La cocinera de Frida by Florencia Etcheves

La cocinera de Frida by Florencia Etcheves

autor:Florencia Etcheves [ETCHEVES, FLORENCIA]
La lengua: spa
Format: epub
editor: Planeta México
publicado: 2022-09-09T05:00:00+00:00


San Francisco, septiembre de 1940

Las medicinas y recomendaciones del doctor Eloesser aliviaron el cuerpo de Nayeli. Cuando pudo levantarse, en la soledad del departamento, tenía las manos inquietas. Las puntas de sus dedos manifestaban unas ganas pasmosas de cocinar: hundirse en masas blancas y suaves, quitar las cáscaras de las frutas para dejar sus pulpas jugosas expuestas y libres, y desgranar los alimentos para convertirlos en mole. Cocinar era todo lo que necesitaba, lo único que la calmaba. En esos momentos, las texturas y sabores la llevaban a Tehuantepec. Su lugar, su tierra.

Frida le había dejado dinero sobre la mesa, unos billetes de color verde que nunca había visto. No tenía idea cuánto valían o cuánta comida podía comprar con cada uno de ellos. Se acomodó el rebozo y con una canasta que encontró en un rincón se aventuró a las calles.

La primera cuadra la llenó de miedos. El ruido de los motores y cláxones de los autos, la gente que pasaba a su lado sin verla y las vestimentas extrañas estuvieron a punto de hacerla desistir. Pero la curiosidad ganó. Un olor acre a aceite reutilizado le hizo fruncir la nariz. En la esquina, una mujer rolliza de cabello corto, con un delantal manchado de grasa servía salchichas fritas dentro de panes de un color que le resultó extraño. El puesto en el que atendía era pequeño y estaba armado con maderas pintadas. Nayeli intentó descifrar las letras del cartel enorme que cubría la parte delantera. A pesar de que Frida le había enseñado algo de lectura, no logró entender ni una palabra.

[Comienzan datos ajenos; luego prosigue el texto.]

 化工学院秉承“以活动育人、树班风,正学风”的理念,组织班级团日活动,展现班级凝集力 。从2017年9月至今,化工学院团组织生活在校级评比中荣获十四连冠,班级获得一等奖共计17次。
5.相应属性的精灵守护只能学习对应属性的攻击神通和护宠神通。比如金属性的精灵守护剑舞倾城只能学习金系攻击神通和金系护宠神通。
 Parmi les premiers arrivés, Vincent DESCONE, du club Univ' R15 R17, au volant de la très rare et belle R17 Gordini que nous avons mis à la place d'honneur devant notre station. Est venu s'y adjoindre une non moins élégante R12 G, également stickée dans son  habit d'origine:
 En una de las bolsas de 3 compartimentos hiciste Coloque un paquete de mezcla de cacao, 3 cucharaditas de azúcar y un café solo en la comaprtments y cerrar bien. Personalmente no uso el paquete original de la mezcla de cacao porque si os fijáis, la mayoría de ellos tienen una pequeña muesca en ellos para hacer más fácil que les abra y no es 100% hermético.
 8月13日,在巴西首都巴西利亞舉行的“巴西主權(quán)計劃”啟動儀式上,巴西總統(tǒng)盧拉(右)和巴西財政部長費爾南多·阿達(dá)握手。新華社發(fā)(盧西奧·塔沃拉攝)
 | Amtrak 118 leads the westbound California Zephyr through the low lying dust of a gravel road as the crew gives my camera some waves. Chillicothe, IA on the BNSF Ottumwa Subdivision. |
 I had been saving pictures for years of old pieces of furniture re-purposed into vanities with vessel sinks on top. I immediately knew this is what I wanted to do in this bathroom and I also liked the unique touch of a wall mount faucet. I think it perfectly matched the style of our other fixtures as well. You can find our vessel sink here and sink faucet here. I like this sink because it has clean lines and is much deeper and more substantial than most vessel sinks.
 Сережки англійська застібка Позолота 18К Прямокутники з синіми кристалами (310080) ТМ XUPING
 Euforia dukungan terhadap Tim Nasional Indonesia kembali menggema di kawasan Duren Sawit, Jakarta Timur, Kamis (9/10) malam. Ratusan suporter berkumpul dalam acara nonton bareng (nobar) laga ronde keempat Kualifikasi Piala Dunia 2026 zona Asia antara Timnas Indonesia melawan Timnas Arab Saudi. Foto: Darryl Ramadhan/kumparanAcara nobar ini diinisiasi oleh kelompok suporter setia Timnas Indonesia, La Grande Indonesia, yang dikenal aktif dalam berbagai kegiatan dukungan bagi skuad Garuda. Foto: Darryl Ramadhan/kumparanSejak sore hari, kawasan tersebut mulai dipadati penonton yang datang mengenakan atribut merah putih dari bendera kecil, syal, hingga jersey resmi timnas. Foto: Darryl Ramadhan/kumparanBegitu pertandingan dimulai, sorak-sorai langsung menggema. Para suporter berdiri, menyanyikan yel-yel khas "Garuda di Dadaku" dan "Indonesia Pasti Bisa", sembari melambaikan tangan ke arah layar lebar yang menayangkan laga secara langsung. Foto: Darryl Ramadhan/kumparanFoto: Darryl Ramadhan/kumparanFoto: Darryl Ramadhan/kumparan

—Buenos días, señora. ¿Usted me podría indicar dónde está el mercado? —preguntó levantando el tono de voz. Se había dado cuenta rápido de que en San Francisco había dos opciones: imponerse o dejarse llevar.

La mujer inclinó la cabeza hacia un lado sin dejar de mirar a la jovencita que le hablaba en un idioma que no entendía, pero que no le resultaba extraño. Levantó su brazo y llamó a un muchacho delgado que barría la banqueta a unos pocos metros. Nayeli no necesitó que el chico abriera la boca para saber que era mexicano. El cabello negro y brillante, la sonrisa que le ocupaba todo el rostro y la picardía de los ojos oscuros la hicieron sentir en casa. La mujer le dijo algo en inglés mientras señalaba a Nayeli.

—Buenos días, señorita —dijo el muchacho y le tendió la mano—. ¿En qué la podemos ayudar?

—Ando buscando el mercado.

—Sí, claro. Es su día de suerte. Del otro lado de la calle hay un mercado bonito. No es un mercado como los nuestros, pero tiene bastantes cosas. Y además hay muchos mexicanos trabajando en ese lugar, el idioma no será problema —respondió y le guiñó un ojo.

El mercado era pequeño pero bien surtido. Y el muchacho tenía razón: los que vendían, vociferaban los precios y las calidades, los que recomendaban las mejores frutas y verduras eran mexicanos. Lo hacían con la pasión y el entendimiento de los que saben aprovechar cada uno de los brotes que da la tierra.